Postby Christine (MLSAT) » Fri Jan 10, 2014 4:30 am

Interesting question michaelt!

I think what's tripping you up here is that you are only focusing on Roxanne's comment after the 'however'. But if you take the part before that, "new ivory and old ivory markets are entirely independent", it's easier to see. That phrase directly and explicitly disagrees with the notion expressed in (B) - that a decrease in one market would cause a decrease in the other. If they are entirely independent, that's not going to happen, ever! Just because Roxanne didn't use the word 'decrease' doesn't mean she hasn't specifically and explicitly disagreed with the idea.

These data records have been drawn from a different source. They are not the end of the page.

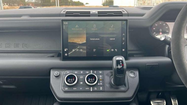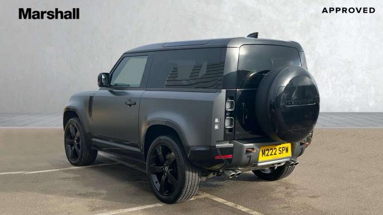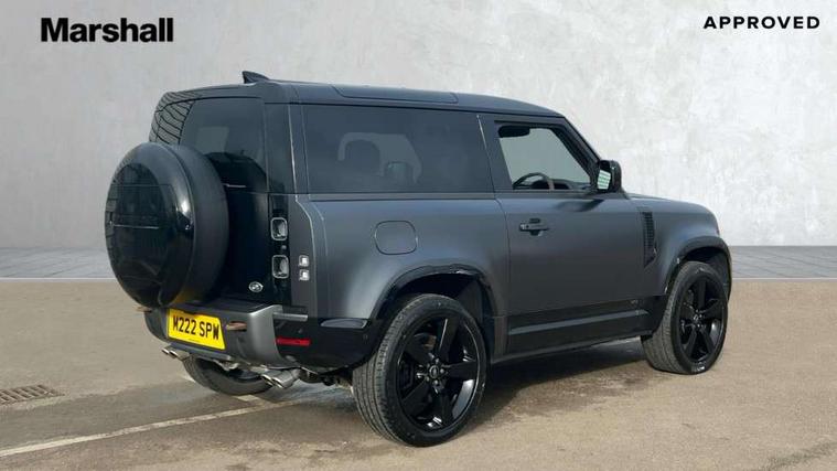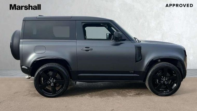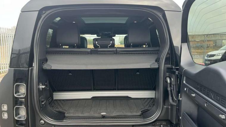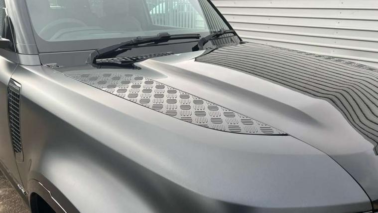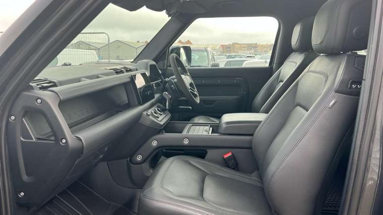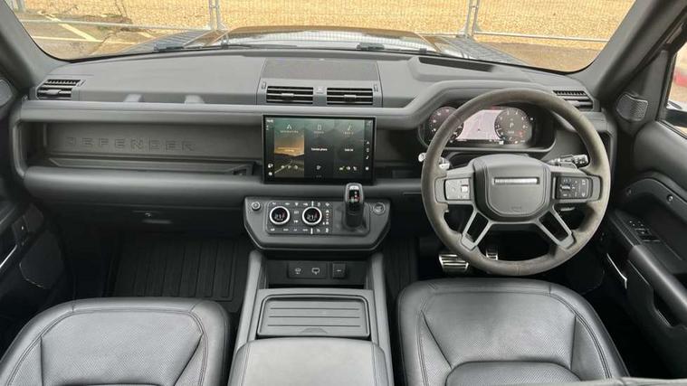 11.4" touchscreen, 360 degree parking aid, 3D Surround Camera with 360 View, 180 Rear View, Front Traffic Detection, Forward Vehicle Guidance, Tow Hitch Assist and clear sight Ground View, Adaptive cruise control, Android Auto, Apple CarPlay, Assisted tailgate with soft close, Blind spot assist, Bluetooth system, Brake pad wear indicator, Clear exit monitor, Connected navigation pro, Driver condition monitor, Electric power assisted steering (EPAS), Garage door opener (Homelink), Head up Display, Lane keep assist, Push button start, Rear collision monitor, Rear traffic monitor, Traffic sign recognition with adaptive speed limiter, Trip computer, Wade Sensing, Wireless device charging with phone signal booster, 8 speed automatic transmission, Adaptive dynamics, All terrain progress control, All wheel drive system, Configurable Terrain Response, Electronic active differential with brake torque vectoring, Electronic air suspension, Terrain Response 2 with dynamic program, Twin speed transfer box, DAB Radio (Digital Audio Broadcasting), Meridian 700w surround sound audio system with 15 speakers, Pivi pro connected, Advanced tow assist, Automatic headlight levelling, Automatic headlights, Black contrast bonnet, Black contrast roof, Black contrast tail door, Centre high mounted stop light, ClearSight interior rear view mirror, Darkened LED tail lights, Electric heated/power fold door mirrors with approach lights and auto dimming driver side, Electric windows with one touch open/close and anti-trap, Electrically deployable towbar, Follow me home lighting, Front fog lights, Gloss black contrast tail door, Headlamp power wash, Heated rear window with timer, Heated washer jets, Heated windscreen, Illuminated metal treadplates with V8 branding, Less roof rack or roof rails, Matrix LED headlights with signature DRL, Panoramic rear side glass, Premium metallic paint, Privacy glass, Puddle lights, Quad outboard mounted exhaust pipes, Rain sensing windscreen wipers, Rear fog lights, Rear wiper, Satin Protective Film, Side hinged tailgate, Sliding panoramic roof, Solar attenuating windscreen, Trailer stability assist, V8 badge, 12V power socket in loadspace, 14 way heated and cooled electric adjustable memory front seats with 4 way manual headrests, 3 seat bench in 2nd row, 40:20:40 fixed heated rear seats with centre armrest, Air quality sensor, Alpine lights, Bright metal pedals, Cabin Air Purification plus, Domestic plug socket, Durable rubber cabin flooring, Durable rubber loadspace flooring, Ebony morzine headlining, Electric cabin pre conditioning, Electric reach + rake adjustable steering column, Extended leather upgrade, Footwell lights, Front centre console refrigerator compartment, Heated steering wheel, Leather gearshift, Loadspace cover, Loadspace Hook, Multifunction steering wheel, Overhead stowage for sunglasses, Premium cabin lighting, Rear headrests, Rear ISOFIX, Rear reading lights, Satin chrome gearshift paddles, Single front passenger seat, Standard seat configuration, Storage glovebox, Suedecloth steering wheel, Sunvisors with illuminated vanity mirrors, Three zone climate control, Twin front cupholders with cover, Carpathian exterior pack - Defender, Online pack with data plan - Defender, 5 x 3 point seatbelts, ABS, Brake hold function, Cornering brake control (CBC), Cross car beam in satin black powder coat brushed finish, Customer configurable autolock, DSC - Dynamic Stability Control, EBD - Electronic brakeforce distribution, Electric parking brake (EPB), Emergency brake assist, Emergency braking, ESP + traction control, Front airbags with passenger seat occupant detector, HDC - Hill descent control, Hill launch assist, Low traction launch, Remote for (e-Call, Optimised assistance call, InControl app, Climate, beep and flash and door), RSC - Roll stability control, Seat belt reminder, TPMS (Tyre pressure monitoring system), Activity key, Alarm, Immobiliser, Intrusion sensor, Keyless entry, Locking wheel nuts, Robustec veneer,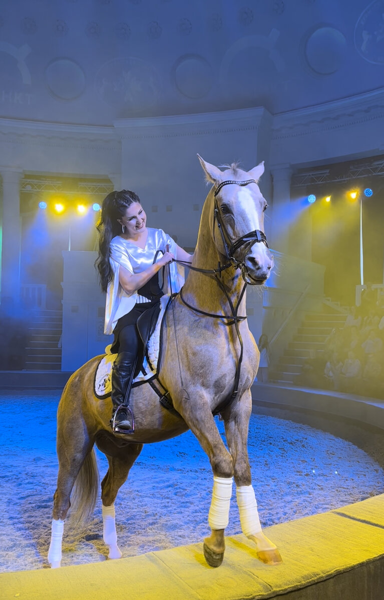 Лошади вместе со своими дрессировщиками устроили настоящее шоу, исполняя синхронные пируэты, двигались галопом по кругу, приветствовали гостей копытами, кланялись в реверансах, делали сложные перестроения, несомненно, восхищая и завораживая зрителей. На сегодняшний день лошади Конного театра являются одной из самых больших групп лошадей, работающих в жанре дрессуры и показательных выступлениях. После такого теплого приема в манеже сотрудники ВДНХ с хорошим настроением, улыбками и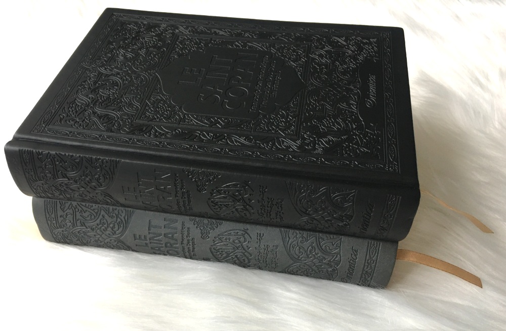 Magnifique Coran avec couverture cartonnée de type cuir/cuir, doux au toucher. Très jolie couleur noir. Idéal pour offrir.
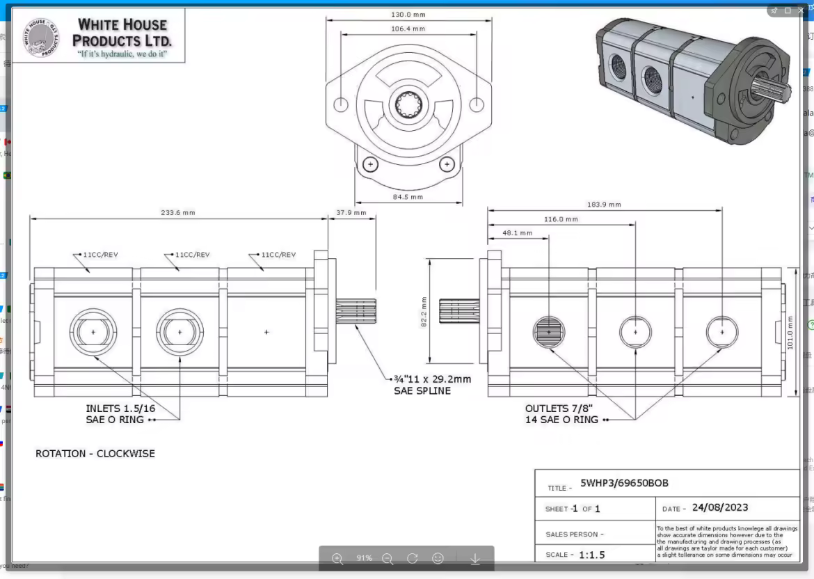Pompe de remplacement fabriquée par WHP. Arbre cannelé à 11 dents. Bride de fixation SAE A à 2 boulons. Contactez WHP si vous avez besoin d'un arbre cannelé à 9 dents.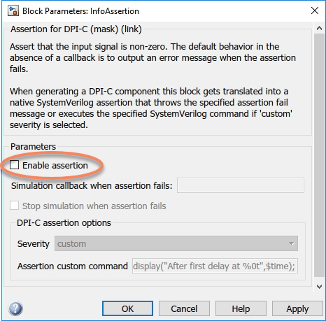 Отключение утверждений в Simulink. Чтобы отключить проверку входного сигнала блока утверждения DPI-C или выдачу предупреждений или ошибок, снимите флажок Включить утверждение в параметрах блока утверждения.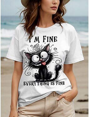 Жен. Футболка Графика Животное Кот Винтаж Стиль Классика С короткими рукавами Вырез под горло Круглый вырез Обычные топы Повседневные выходные С принтом Черный Белый Розовый Красный Синий Лето Весна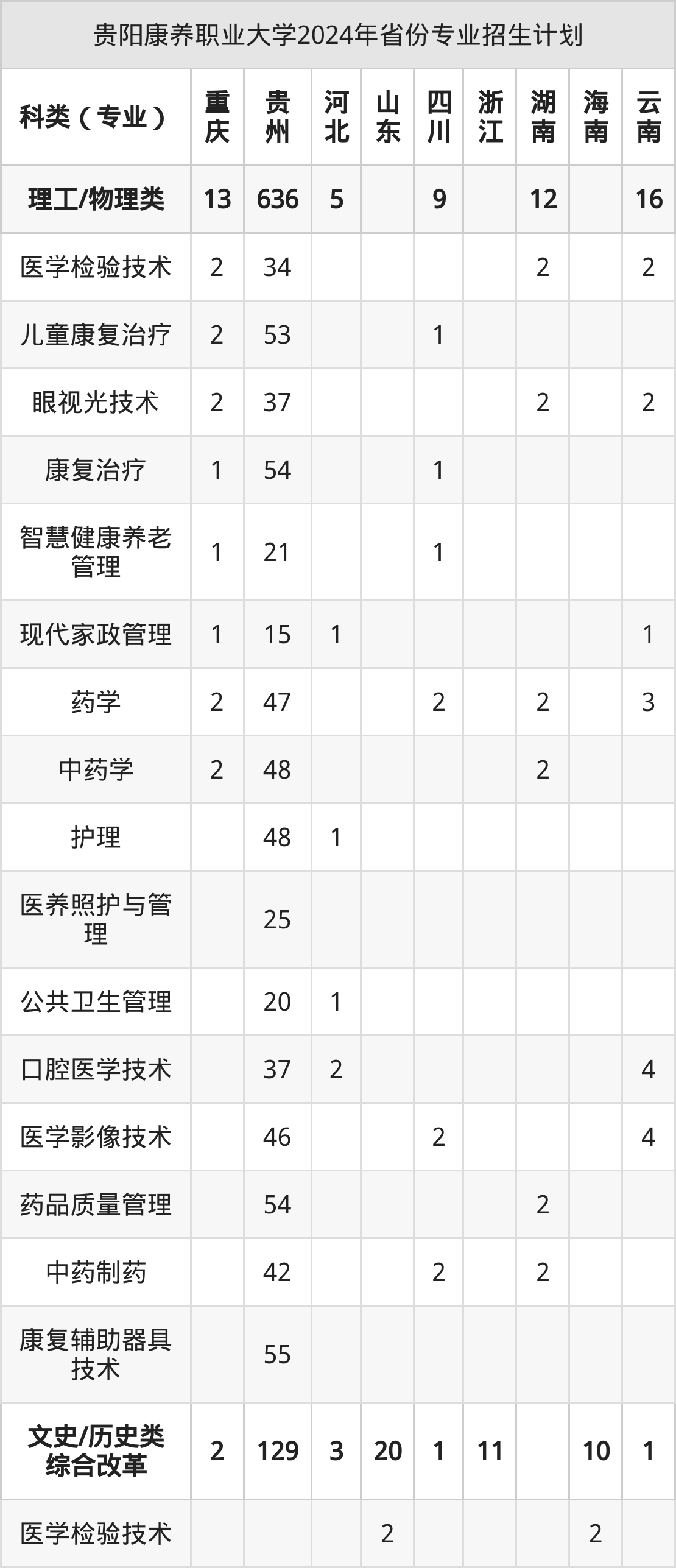 2025年贵阳康养职业大学本科招生计划待公布,下面附上2024年数据,暂供参考: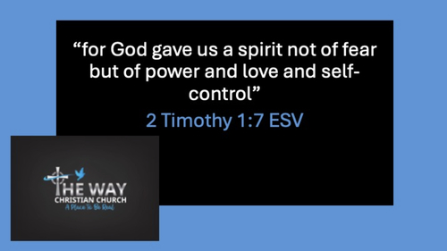 This verse, a great reminder for all of us, was written to Timothy, the Apostle Paul's young protege, as a word of encouragement. Timothy might have feared speaking in front of people, teaching the word of God, or maybe something else, but Paul gives him a real truth, you were not given a spirit of fear. This message is very much relevant to all of us today, we were not given a spirit of fear either, for fear has a way of stopping us from doing what God has called us to do, do not let fear stop you. But rather live in the manner in which the Lord has asked you to live, in power, living bold in your faith, walking by faith rather than by sight. In love, for fear will keep you from being able to be the real you, timidity keeps a person secluded within themselves, a place of isolation not love. And of self control, meaning God is in control of your life not fear. Living in the Spirit, walking in the Spirit is what the Lord has brought you too, live in Him, for fear is not in you, the Holy Spirit of God is, Jesus Saves!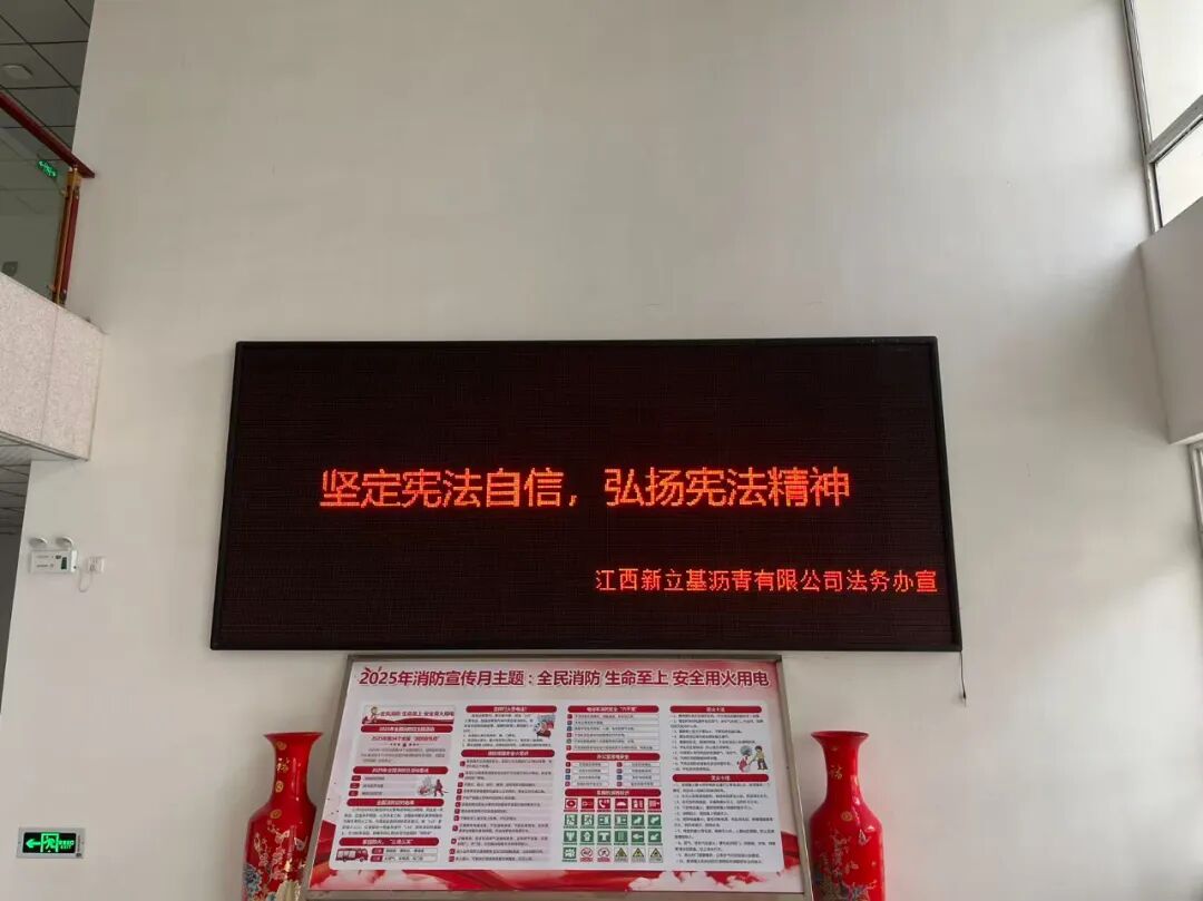 江西新立基通过宣传栏展示宪法主题海报、电子屏滚动播放宣传标语等可视化形式,开展系列普法活动,有效强化全员宪法意识与法治观念,营造企业依法经营、合规管理的良好氛围。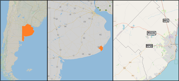El PGP se encuentra en el sudeste de la provincia de Buenos Aires en Argentina (mapa 1). Su ciudad núcleo es Mar del Plata y es en los bordes de ella donde se emplaza el cinturón verde del Partido, en el cual se pone foco en este artículo. Este abarca las zonas lindantes a las rutas 2, 226 y 8 (mapa 1).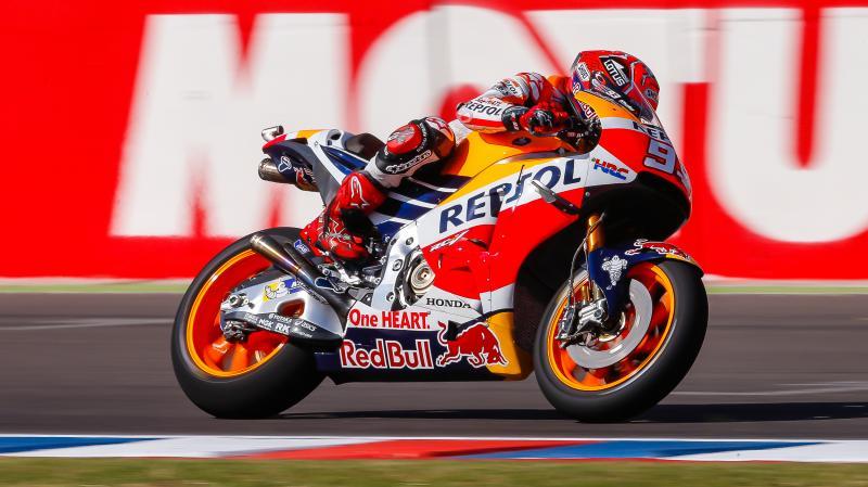 La segunda sesión de entrenamientos libres del Gran Premio Motul de la República Argentina de MotoGP™ se ha celebrado esta tarde en Termas de Río Hondo con Marc Márquez (Repsol Honda Team) logrando un tiempo de 1’41.579 que le situaba primero en la lista combinada de los mejores tiempos del viernes en la categoría reina.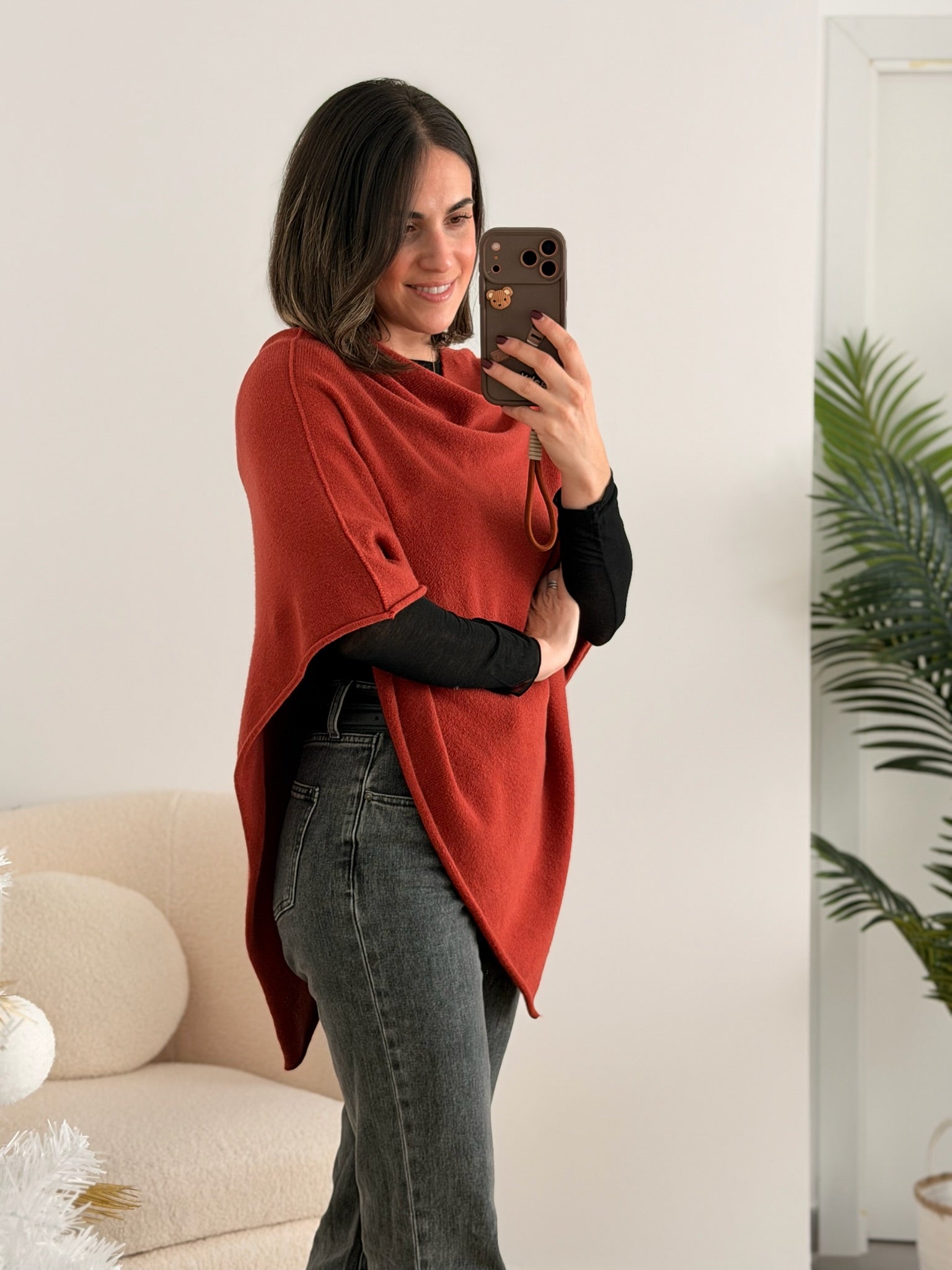 Nuestra capa de punto es ese básico elegante que nunca falla. Ligera, suave y muy gustosa, aporta calidez sin renunciar al estilo. Su caída favorecedora y su diseño envolvente la convierten en la prenda perfecta para el día a día, para llevar sobre camisas, básicos o incluso looks más arreglados.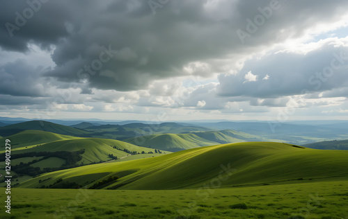 Obraz premium Rolling Green Hills Under Dramatic Sky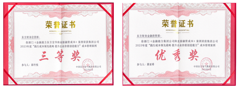 PA视讯在线官网财务“金融助力集团公司降间接融资成本”案例荣获集团公司2023年度“践行成本领先战略 提升企业价值创造能力”成本管理案例三等奖,“金融助力集团公司降直接融资成本”案例荣获集团公司2023年度“践行成本领先战略 提升企业价值创造能力”成本管理案例优秀奖。

For instance, if my brother insists that the dog likes fried pickles, and I insist that the dog hates everything fried, then we specifically disagree about whether the dog likes fried pickles. Just because I didn't mention pickles doesn't change that.

So, actually, (B) is totally what they disagree about - Roxanne explicitly disagrees with it and Salvador explicitly agrees with it. It might not be what they appear to be disagreeing about, and it might not even be what they each think they are disagreeing about, but it is the one thing we know for absolute certain that they have incompatible opinions on.

Does that make sense?

All that being said, the warning in the LR book might have been more accurately worded "DON'T OVER-INFER". If there is a must-be-true style inference, something that absolutely, positively MUST be true of one speaker, then that's a-okay to include in that speaker's 'list of stuff they can disagree about'. But that's a very high bar - if met, we can think of those things as being as good as stated explicitly.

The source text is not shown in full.